I am not religious and only half Jewish, but the Bnai Keshet community, during my own times of loss and stress, took me in. When my mother died and I was sitting shiva, a Jewish mourning tradition, I was stunned to have members come to my house and sit with me. It was a level of kindness and inclusion from virtual strangers that I had never before experienced. Now, the effort to shelter vulnerable immigrants caught in an often-unjust immigration system, felt like a larger folding in, a way of imagining sanctuary and community for us as a state and as a nation.
That night, an opening scene for a young adult novel came to me: a family of four arriving in such an apartment and beginning their life in open hiding. I imagined the frightened teenage daughter wondering what her life would be like.

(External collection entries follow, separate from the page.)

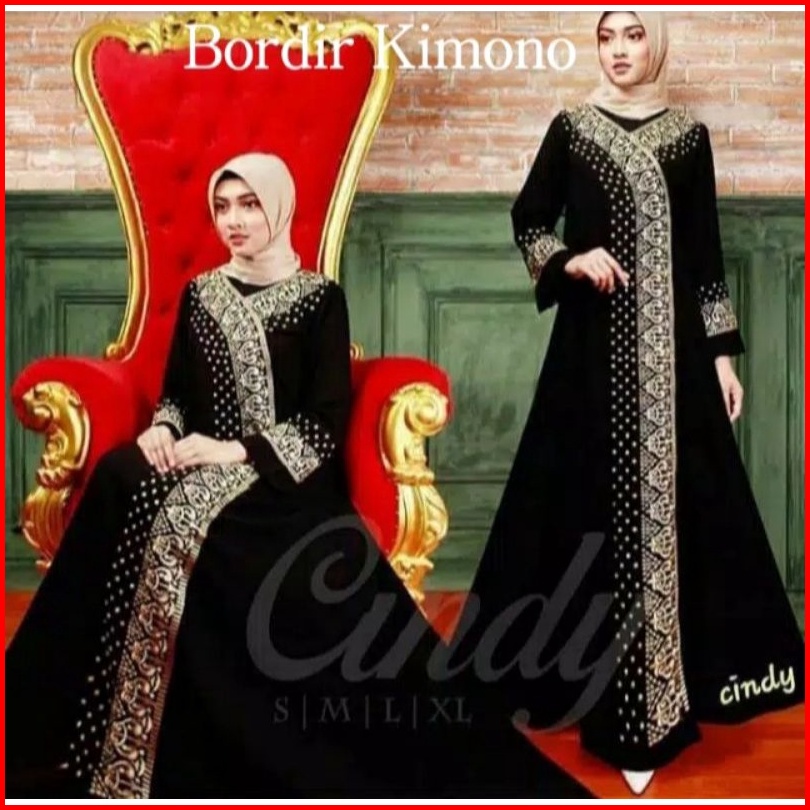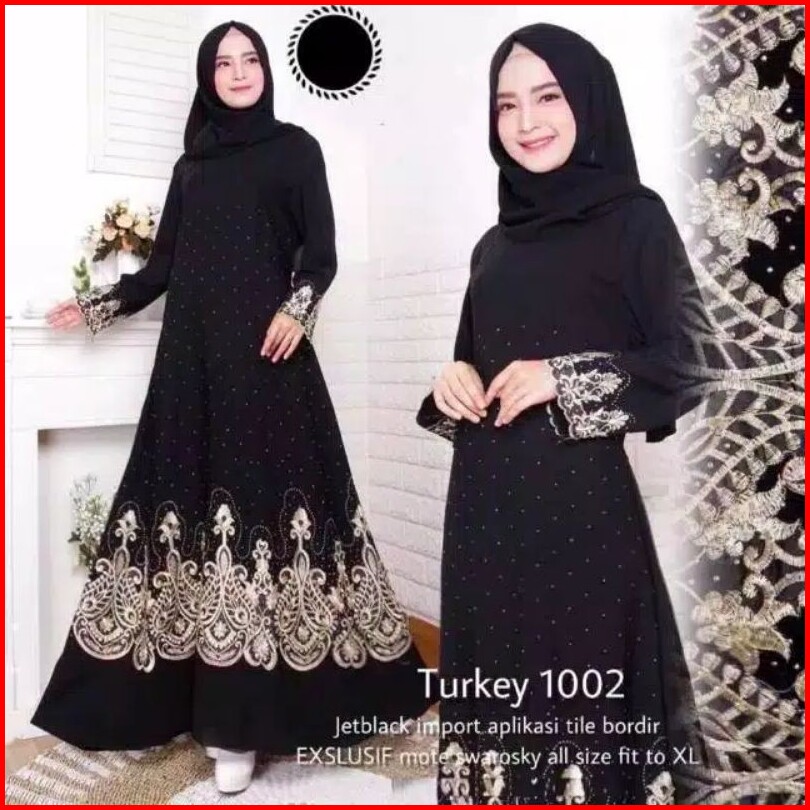 Baju Busana Muslim Abaya Gamis Couple Arab Hitam Bordir Turkey 1002
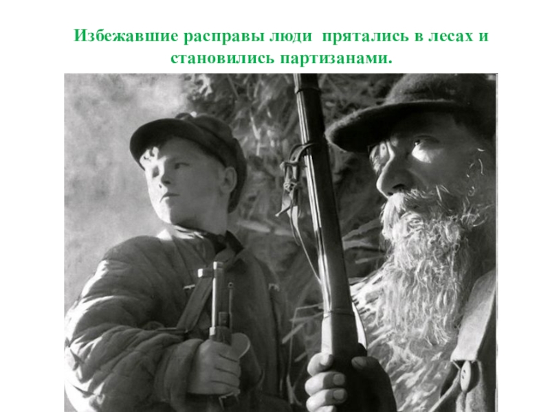Слайд 4Избежавшие расправы люди прятались в лесах и становились партизанами.
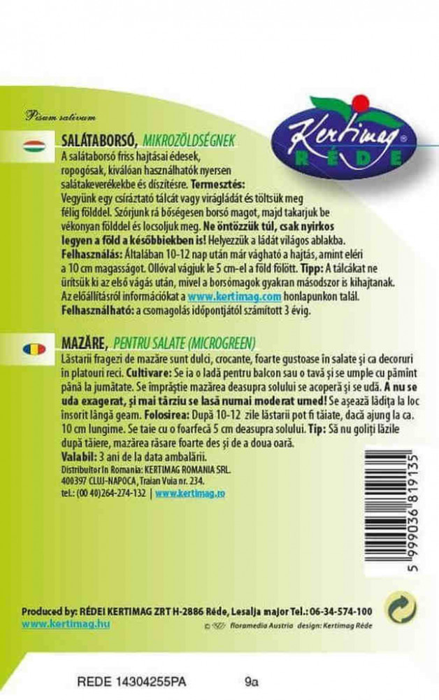 Gyártja: Rédei Kertimag Zrt. H-2886 Réde, Lesalja major

The parallel, of course, is to Anne Frank and her family hiding in the secret annex of an Amsterdam building during World War II. The difference, however, is that sanctuary is open hiding. By providing sanctuary, a religious institution is publicly supporting the concept for immigrants. Real risks exist; ICE could get a warrant and stage a raid, and it is not always clear what would happen to family members who leave the grounds.
It is this tension that struck me as ideal for a YA novel: A teenager confined by political circumstances and, literally stuck with her family, who must try to carry on with school and friends.
My novel, We Are All We Have, ultimately took another direction, becoming a road story about a Pakistani teenager whose mother is swept up in an ICE raid and who must find her own form of sanctuary. I re-imagined the synagogue’s apartment, with the same slanted ceilings and narrow stairwell, as one of her refuges.
In real life, the need for sanctuary became more urgent during 2018-2019, when families were separated at the border, and the very category of asylum was in peril. In Montclair, we all pitched in with paint rollers at the synagogue apartment, preparing it for the first group. Since then, several families have lived there.
My initial inspiration and core idea remained: a group of congregants—wielding paint buckets and brooms—whose flames of caring lit the spirit of my novel, and the dark New Jersey night.
Marina Budhos’ most recent novel is We Are All We Have.